Thirdly, increases in the local populations of behaviourally dominant, sympatric species such as Blue Tit, Great Tit, Marsh Tit and Nuthatch could have led to increased competition, especially for nest-holes. There is little direct evidence specifically concerning foraging interactions involving Willow Tit in the UK but it is possible that increases in other tit species have placed extra pressure on Willow Tit populations through competition for food or nest sites (Vanhinsbergh et al. 2003). In Lanarkshire, central Scotland, Great and Blue Tits were found commonly to take over the nest sites of Willow Tit (Maxwell 2002, 2003) but it is unclear how widespread this phenomenon is. In the Greater Manchester study mentioned above (Parry & Broughton 2019), eviction by Blue Tits caused 23% of first breeding attempts to fail, but only 3% of second attempts, so the ability to re-lay may limit population level effects of usurpation. Excluding evicted and predated nests, 98% of eggs in this study resulted in fledged chicks, suggesting that competition for food was not an issue at this site, at least during the nestling stage. In the analysis of long-term CBC trends carried out by Siriwardena (2004), no negative relationships were found between Willow Tit and its potential competitors. Again, this was supported by field data from Lewis et al. (2007, 2009a, 2009b), who found that sites that were known to have held the species in the past and that that were still holding Willow Tits did not differ in the density of avian competitors.

Overall, therefore, habitat deterioration is the strongest candidate as the cause of Willow Tit decline nationally. As well as increasing woodland drainage, degradation has been hypothesised to have occurred via a reduction in nest-site availability resulting from falls in the amount of dead wood and number of dead trees in woodland reducing nesting opportunities (Vanhinsbergh et al. 2003). This has yet to be tested formally, however, probably because historical data on quantities of dead wood are not available.

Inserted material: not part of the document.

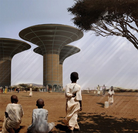 在面积广阔的苏丹沙漠,淡水成为最宝贵的资源之一,获取淡水的难度超乎人们想象。有意思的是,沙漠地下深处也隐藏着世界上最大的地下湖,如果能够有效加以利用,当地居民的生活便会发生翻天覆地的变化。波兰建筑事务所H3AR提出了一种解决之道,即建造外形好似当地猴面包树的水塔群并利用地下泵抽水。水塔内建有一个水处理厂、一所医院、一所学校以及一个食物储藏中心。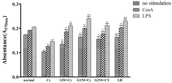 To further know the immunomodulatory activity of GPMPP, the effects of GPMPP on the proliferation of full splenic cells were investigated. One of the indicators of immunopotentiation is lymphocyte proliferation, which includes both T and B lymphocytes. It is known that ConA stimulates T cells, while LPS stimulates B cell proliferation [25]. In the current study, the splenocyte proliferation assays revealed that GPMPP had strong mitogenic potential to both T and B cells on the ConA-and LPS-activated splenocytes, respectively, indicating stimulatory effected on cell-mediated and humor-mediated immunity. ConA/LPS or non-stimulated splenocyte proliferation in the model group was significantly lower than that of the normal group. However, the treatment with GPMPP at the three tested doses resulted in a significant increase in ConA/LPS or no stimulation, and the intermediate dose of GPMPP treatment showed the best effects (Figure 4). T lymphocytes play a central role in cellular immunity, and B lymphocytes play a central role in humoral immunity. It had been reported that rice hull polysaccharides also stimulated the proliferation of T and B cells, but another report found that the polysaccharides from an herbal tea just enhance the proliferative ratio of ConA-induced lymphocytes [26,27]. It indicated that polysaccharides from Chinese herb and food have the potential ability to modulate lymphocyte proliferation, while the structure of polysaccharides played an important role in lymphocytes proliferation.

Information about conservation actions

The long-term decline of this species is most likely to have been caused by habitat degradation, and hence conservation actions and policies which aim to restore and create habitat are most likely to benefit this species.

Wet woodland also seems to be a particularly important habitat for Willow Tits, and one study found that soil water content was the only significant difference between sites which were still occupied and those which had been abandoned. This study concluded that "Habitat provision for Willow Tit should involve provision of young woodland patches with moist soils" (Lewis et al. 2009a). Another study identified deadwood of silver birch, elder and alder as the most frequent trees used for nest sites (Parry & Broughton 2019). Deterioration of the woodland understorey is also believed to be important (see Causes of Change section, above); actions to promote understorey habitat could include management to create a more open canopy and to control deer numbers.

It is also possible that increased interspecific competition for food and nest sites might be having some negative effects on local Willow Tit numbers, although the evidence does not suggest that this is likely to be the main cause of the general population decline. Nevertheless, it might be prudent to discourage the increased provision of food and nest boxes within and near Willow Tit strongholds as a precaution.